I have two data frames that I want to merge by the following condition
- A common value between one column between the 2 data frame
.query("CHROM == Chromosome_hg38")
- Region of one value between the regions of the other value
.query('START.between(Gene_start_hg38, Gene_stop_hg38) | END.between(Gene_start_hg38, Gene_stop_hg38)')
These are my data frames:
data = [['chr1', 1,10,'Gene1','ID1'], ['chr2',15,20,'Gene2','ID2'],['chr2',21,40,'Gene3','ID3']]
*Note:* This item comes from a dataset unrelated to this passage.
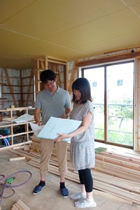 2014/8/27現場にて O邸 脇町拝原★工事の進捗状況★ O様 脇町拝原 取説 ⇔ 完成 ⇔ 内壁工事 →現場にて → 断熱材 → 階段下 → 窓サッシ → 瓦葺き → 上棟 → 建て方 →基礎配筋 → 遣り方 → 電柱移設 → 地盤改良 → 地鎮祭 施主様 製本をご覧いただきながら現場のチェック じーーーーーーーーっ …っと窓を眺めているご主人どのような構想を練っているのでししょう そして…ココはいったいどのような仕上がりになるのでしょう★サーロジックのホームページヘ ★ 今、ご覧いただいているのはサーロジックの ブログのページ です

LOUEF = pd.DataFrame(data, columns = ['Chromosome_hg38', 'Gene_start_hg38', 'Gene_stop_hg38','Gene_name','geneID'])
LOUEF
Chromosome_hg38 Gene_start_hg38 Gene_stop_hg38 Gene_name geneID
0 chr1 1 10 Gene1 ID1
1 chr2 15 20 Gene2 ID2
2 chr2 21 40 Gene3 ID3
data2 = [['chr1', 3,11,'location1'], ['chr1',11,17,'location2'],['chr2',20,30,'location3'],['chr2',15,17,'location3'],['chr5',1,19,'location4']]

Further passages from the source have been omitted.